The issue of CSG mining is in the forefront of people’s consciousnesses across the country and no less in the Pilliga, with activists locking on at the Santos coal seam gas drill rig site in the Pilliga forest.
On Saturday at Barkala Farm in the Pilliga, just north of Coonabarabran, a ‘Party at Maria’s Place’ concert was held to support to local residents united to protect prime agricultural land and culturally and environmentally significant country from quickly expanding CSG and coal mining in north west NSW.
Aussies Against Fracking, in conjunction with The Wilderness Society and Pilliga Pottery, organised the event, and The Echo’s Eve Jeffery and S Sorrensen were invited to make the journey, along with veteran journo Margo Kingston and Aussies Against Fracking director Nick Hanlon.
There, the group discovered sixth-generation farmers being forced out and arrested while entire farming regions are being bought up by Chinese state-owned corporation Shenhua Watermark Coal.
This fight is not about hippies with time on their hands. People from all walks of life including students, the aged, and farmers, are all downing tools and putting their life on hold to send a clear message. Lock The Gate!
There have been a reported 17 arrests so far, including eight on the weekend, says Ms Hanlon.
‘The amalgamation of the Boggabri and Maules Creek mines in the northern Liverpool Plains will create the biggest coal mine in NSW,’ she says.
‘Tim Flannery said recently that this mine is anticipated to create more greenhouse gas emissions in a year than the country of New Zealand.’
Recently fossil fuel company Santos was fined $1,500 for poisoning an aquifer in the region with uranium.
Speakers and performers including Alan Glover and S Sorensen, local Gomeroi elder Aunty Maureen Sulter, Naomi Hogan from the Wilderness Society, National Lock The Gate co-ordinator Phil Laird, north coast performers Andrea Soler and Ilona Harker, Gomeroi woman Deborah Briggs, the Kaakaa Wakakirri dancers, The Remains, Kevin Bennet and activist Dayne Pratsky, just to name a few, all gave their time, energy and heartfelt best wishes to the 500 who converged on the Pilliga Pottery.
Pottery owner Maria Rickert who donated the use of her land, facilities and accommodation for performers and organisers, was nothing but humble in her gratitude for all that was being done to support the local people in their fight against the rape of the land.
The morning after the concert, about 80 people visited one of the toxic spills that has occurred as a result of Santos’s CSG program in the area.
Meanwhile a small group – including musician Ash Grunwald who headlined the concert bill, along with Aussies Against Fracking director Nick Hanlon, Echo photojournalist Eve Jeffery Echonetdaily columnist S Sorrensen and veteran journo Margo Kingston – visited Liverpool Plains farmer Sam Clift, a sixth generation broad-acre farmer who took them to a coal mine where Grunwald donned a wetsuit and gas mask to surf a slag pile, underlining the potential destruction of this agricultural region by the fossil fuel industry.
The gas-masked surfer is a symbol of the nation’s conscience as the icons Australians value are being destroyed. Farmland, rivers, forests, aquifers and sacred sites are under attack. As a result of Santos’s CSG-mining program an aquifer has already been poisoned with uranium – and the industry is just in its early stages.

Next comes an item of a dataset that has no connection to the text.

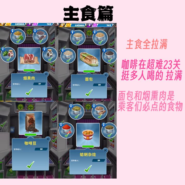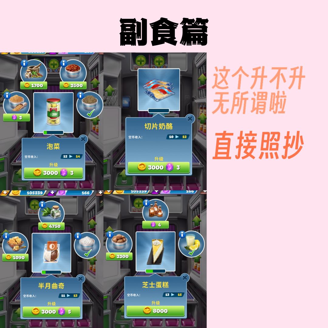🔹大家升级主食时可以不用按我图片里把上面的2-4个调料升完。因为调料升级花费的无论是金币and钻石,它所增加的食物单价只会是1块钱,这样是不划算的

The amalgamation of the Boggabri and Maules Creek mines in the northern Liverpool Plains will create the biggest coal mine in NSW. This mine will significantly increase greenhouse gas emissions for Australia and will impact on global climate change. Tim Flannery said recently that this mine is anticipated to create more greenhouse gas emissions in a year than the country of New Zealand.
With renewable alternatives available, and with the health impacts of the coal- and CSG-mining industries becoming increasingly apparent, highlighting the plight of a threatened rural Australia is increasingly urgent.